*Description of the task*:
The entries that follow should be reproduced exactly, with no images carried over.

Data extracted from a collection

+++

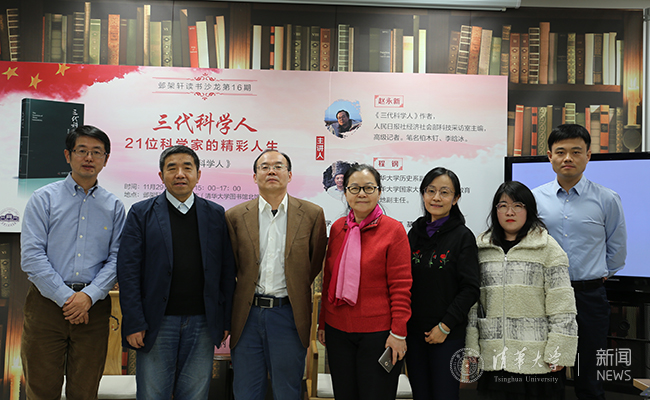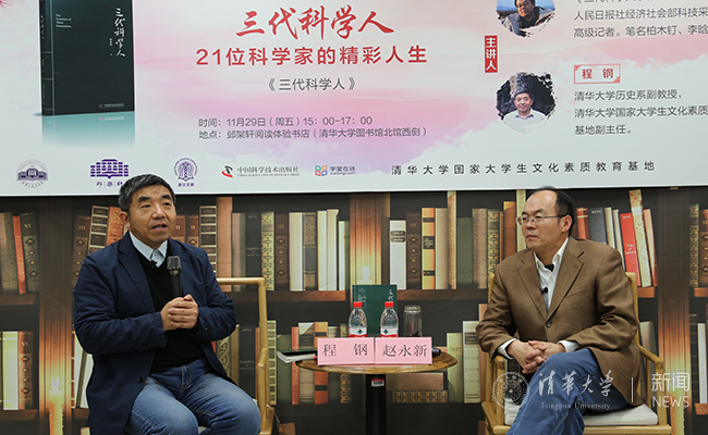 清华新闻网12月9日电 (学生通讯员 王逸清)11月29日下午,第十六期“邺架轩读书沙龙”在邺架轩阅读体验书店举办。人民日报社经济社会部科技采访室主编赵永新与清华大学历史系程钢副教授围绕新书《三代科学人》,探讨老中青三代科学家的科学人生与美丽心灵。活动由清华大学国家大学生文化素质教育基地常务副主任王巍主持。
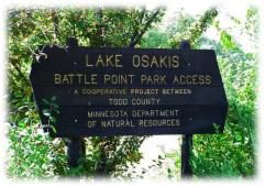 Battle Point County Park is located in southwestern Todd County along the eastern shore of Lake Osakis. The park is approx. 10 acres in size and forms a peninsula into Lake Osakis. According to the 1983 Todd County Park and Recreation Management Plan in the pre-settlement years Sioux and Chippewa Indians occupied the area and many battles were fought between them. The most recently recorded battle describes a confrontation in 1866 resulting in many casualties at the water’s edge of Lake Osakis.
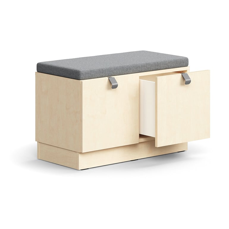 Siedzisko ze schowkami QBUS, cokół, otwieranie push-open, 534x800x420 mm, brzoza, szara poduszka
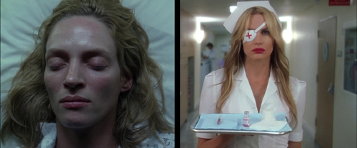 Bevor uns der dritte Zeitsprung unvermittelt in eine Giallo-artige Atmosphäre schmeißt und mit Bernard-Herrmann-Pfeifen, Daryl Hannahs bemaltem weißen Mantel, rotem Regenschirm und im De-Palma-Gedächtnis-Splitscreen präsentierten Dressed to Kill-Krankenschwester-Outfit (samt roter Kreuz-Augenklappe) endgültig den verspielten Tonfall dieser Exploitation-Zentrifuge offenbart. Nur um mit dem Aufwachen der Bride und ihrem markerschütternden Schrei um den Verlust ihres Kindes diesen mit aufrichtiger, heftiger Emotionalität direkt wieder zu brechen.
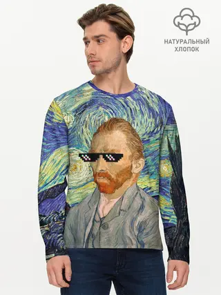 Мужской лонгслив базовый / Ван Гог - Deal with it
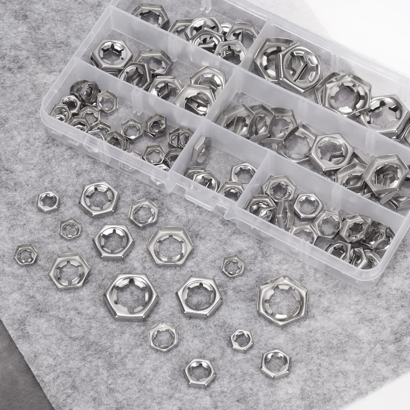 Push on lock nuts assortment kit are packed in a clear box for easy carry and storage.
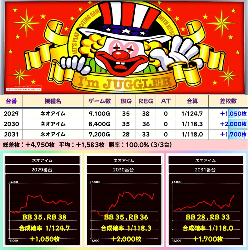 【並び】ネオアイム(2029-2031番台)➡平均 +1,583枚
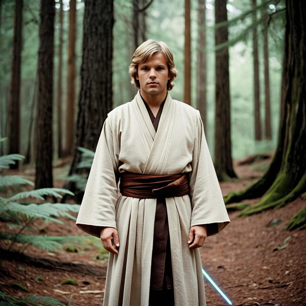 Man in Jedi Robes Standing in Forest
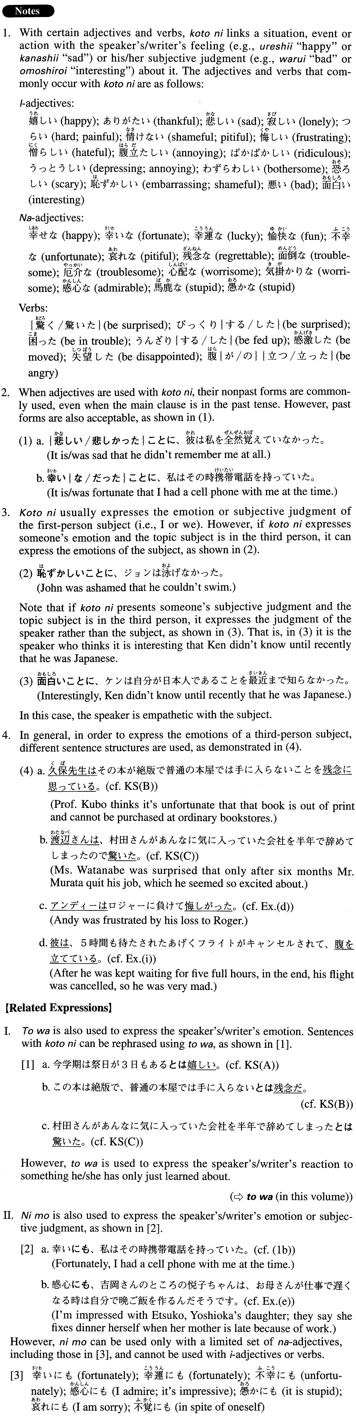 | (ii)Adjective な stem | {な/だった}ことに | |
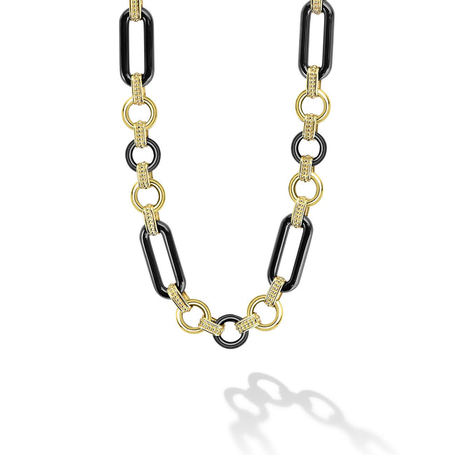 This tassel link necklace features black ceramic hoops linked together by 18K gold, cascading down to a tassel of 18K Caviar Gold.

+++

*Solved exercise*:
 清华新闻网12月9日电 (学生通讯员 王逸清)11月29日下午,第十六期“邺架轩读书沙龙”在邺架轩阅读体验书店举办。人民日报社经济社会部科技采访室主编赵永新与清华大学历史系程钢副教授围绕新书《三代科学人》,探讨老中青三代科学家的科学人生与美丽心灵。活动由清华大学国家大学生文化素质教育基地常务副主任王巍主持。
 Battle Point County Park is located in southwestern Todd County along the eastern shore of Lake Osakis. The park is approx. 10 acres in size and forms a peninsula into Lake Osakis. According to the 1983 Todd County Park and Recreation Management Plan in the pre-settlement years Sioux and Chippewa Indians occupied the area and many battles were fought between them. The most recently recorded battle describes a confrontation in 1866 resulting in many casualties at the water’s edge of Lake Osakis.
 Siedzisko ze schowkami QBUS, cokół, otwieranie push-open, 534x800x420 mm, brzoza, szara poduszka
 Bevor uns der dritte Zeitsprung unvermittelt in eine Giallo-artige Atmosphäre schmeißt und mit Bernard-Herrmann-Pfeifen, Daryl Hannahs bemaltem weißen Mantel, rotem Regenschirm und im De-Palma-Gedächtnis-Splitscreen präsentierten Dressed to Kill-Krankenschwester-Outfit (samt roter Kreuz-Augenklappe) endgültig den verspielten Tonfall dieser Exploitation-Zentrifuge offenbart. Nur um mit dem Aufwachen der Bride und ihrem markerschütternden Schrei um den Verlust ihres Kindes diesen mit aufrichtiger, heftiger Emotionalität direkt wieder zu brechen.
 Мужской лонгслив базовый / Ван Гог - Deal with it
 Push on lock nuts assortment kit are packed in a clear box for easy carry and storage.
 【並び】ネオアイム(2029-2031番台)➡平均 +1,583枚
 Man in Jedi Robes Standing in Forest
 | (ii)Adjective な stem | {な/だった}ことに | |
 This tassel link necklace features black ceramic hoops linked together by 18K gold, cascading down to a tassel of 18K Caviar Gold.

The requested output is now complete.